- _Exercise description_
In the data below, find the line with "Rustic Christmas Blue" and the line with "Bej ve gri desenli, ince", then restate both and every line between them exactly, minus the pictures.

- _Record set_
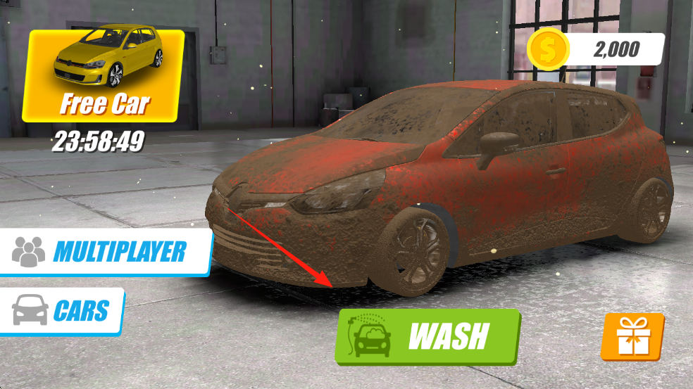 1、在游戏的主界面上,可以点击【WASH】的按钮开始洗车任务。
...
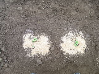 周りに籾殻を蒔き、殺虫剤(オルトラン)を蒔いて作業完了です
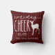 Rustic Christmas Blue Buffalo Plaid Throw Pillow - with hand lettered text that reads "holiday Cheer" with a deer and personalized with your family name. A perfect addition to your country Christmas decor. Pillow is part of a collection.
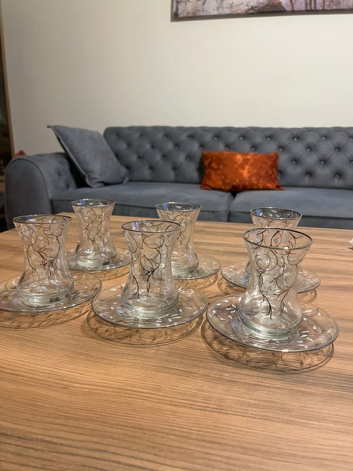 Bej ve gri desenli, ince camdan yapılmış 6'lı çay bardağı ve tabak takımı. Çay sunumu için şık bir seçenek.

- _Reply_
 Rustic Christmas Blue Buffalo Plaid Throw Pillow - with hand lettered text that reads "holiday Cheer" with a deer and personalized with your family name. A perfect addition to your country Christmas decor. Pillow is part of a collection.
 Bej ve gri desenli, ince camdan yapılmış 6'lı çay bardağı ve tabak takımı. Çay sunumu için şık bir seçenek.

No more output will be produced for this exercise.